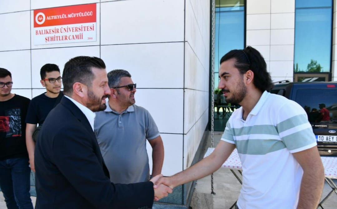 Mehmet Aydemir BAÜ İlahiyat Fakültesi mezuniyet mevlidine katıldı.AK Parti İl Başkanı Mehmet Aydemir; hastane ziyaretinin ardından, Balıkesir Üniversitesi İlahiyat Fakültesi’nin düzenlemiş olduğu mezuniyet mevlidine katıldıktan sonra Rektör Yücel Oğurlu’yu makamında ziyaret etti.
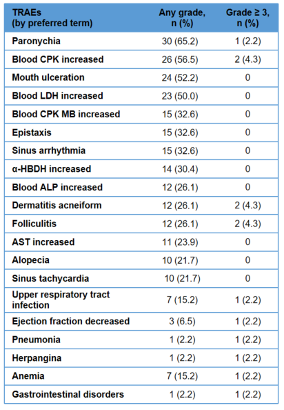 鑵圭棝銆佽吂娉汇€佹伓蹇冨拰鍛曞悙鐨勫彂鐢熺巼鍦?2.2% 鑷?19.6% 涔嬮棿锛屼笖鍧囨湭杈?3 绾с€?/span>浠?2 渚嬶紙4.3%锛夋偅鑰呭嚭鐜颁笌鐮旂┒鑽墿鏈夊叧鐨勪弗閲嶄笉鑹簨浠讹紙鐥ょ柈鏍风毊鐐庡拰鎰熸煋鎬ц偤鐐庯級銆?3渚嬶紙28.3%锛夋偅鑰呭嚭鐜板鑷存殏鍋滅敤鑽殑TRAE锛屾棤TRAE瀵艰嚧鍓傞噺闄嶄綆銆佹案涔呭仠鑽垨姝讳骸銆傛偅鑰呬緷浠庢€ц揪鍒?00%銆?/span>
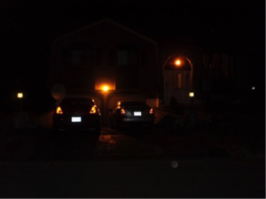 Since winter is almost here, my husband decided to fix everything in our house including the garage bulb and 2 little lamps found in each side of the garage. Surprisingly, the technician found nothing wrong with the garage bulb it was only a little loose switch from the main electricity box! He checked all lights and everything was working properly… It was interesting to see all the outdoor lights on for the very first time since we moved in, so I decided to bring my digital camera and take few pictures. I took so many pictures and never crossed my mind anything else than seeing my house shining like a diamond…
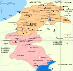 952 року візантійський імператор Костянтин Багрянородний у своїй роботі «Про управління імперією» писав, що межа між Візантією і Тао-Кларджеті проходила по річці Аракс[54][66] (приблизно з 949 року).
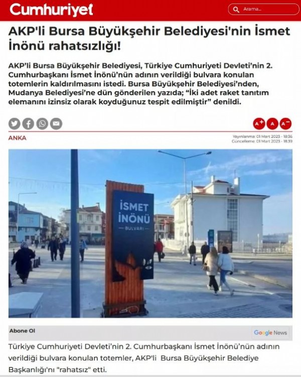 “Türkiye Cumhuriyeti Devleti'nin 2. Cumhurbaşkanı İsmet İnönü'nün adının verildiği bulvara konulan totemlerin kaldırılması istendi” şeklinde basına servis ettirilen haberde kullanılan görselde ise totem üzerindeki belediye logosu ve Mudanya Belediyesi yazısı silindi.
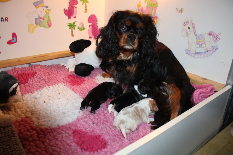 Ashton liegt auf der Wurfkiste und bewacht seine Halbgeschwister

...

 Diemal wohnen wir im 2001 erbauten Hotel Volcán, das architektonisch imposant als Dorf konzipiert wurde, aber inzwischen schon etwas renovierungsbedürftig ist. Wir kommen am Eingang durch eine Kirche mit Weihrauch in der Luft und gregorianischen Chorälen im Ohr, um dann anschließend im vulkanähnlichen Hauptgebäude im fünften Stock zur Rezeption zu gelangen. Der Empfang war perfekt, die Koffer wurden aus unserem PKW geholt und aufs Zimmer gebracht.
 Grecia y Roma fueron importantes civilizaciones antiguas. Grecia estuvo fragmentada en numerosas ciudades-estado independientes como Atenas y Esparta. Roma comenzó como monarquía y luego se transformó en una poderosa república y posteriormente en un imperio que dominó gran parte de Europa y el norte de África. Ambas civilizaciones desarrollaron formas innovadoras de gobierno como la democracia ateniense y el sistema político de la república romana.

* THE TASK *
Above are the records; please give again, exactly and in full, only the lines that run from the line with "Mehmet Aydemir BAÜ" through the line with "鑵圭棝銆佽吂娉汇€佹伓蹇冨拰鍛曞悙鐨勫彂鐢熺巼鍦?2.2% 鑷?19.6% 涔嬮棿锛屼笖鍧囨湭杈?3", with no pictures.

* EXERCISE OUTPUT *
 Mehmet Aydemir BAÜ İlahiyat Fakültesi mezuniyet mevlidine katıldı.AK Parti İl Başkanı Mehmet Aydemir; hastane ziyaretinin ardından, Balıkesir Üniversitesi İlahiyat Fakültesi’nin düzenlemiş olduğu mezuniyet mevlidine katıldıktan sonra Rektör Yücel Oğurlu’yu makamında ziyaret etti.
 鑵圭棝銆佽吂娉汇€佹伓蹇冨拰鍛曞悙鐨勫彂鐢熺巼鍦?2.2% 鑷?19.6% 涔嬮棿锛屼笖鍧囨湭杈?3 绾с€?/span>浠?2 渚嬶紙4.3%锛夋偅鑰呭嚭鐜颁笌鐮旂┒鑽墿鏈夊叧鐨勪弗閲嶄笉鑹簨浠讹紙鐥ょ柈鏍风毊鐐庡拰鎰熸煋鎬ц偤鐐庯級銆?3渚嬶紙28.3%锛夋偅鑰呭嚭鐜板鑷存殏鍋滅敤鑽殑TRAE锛屾棤TRAE瀵艰嚧鍓傞噺闄嶄綆銆佹案涔呭仠鑽垨姝讳骸銆傛偅鑰呬緷浠庢€ц揪鍒?00%銆?/span>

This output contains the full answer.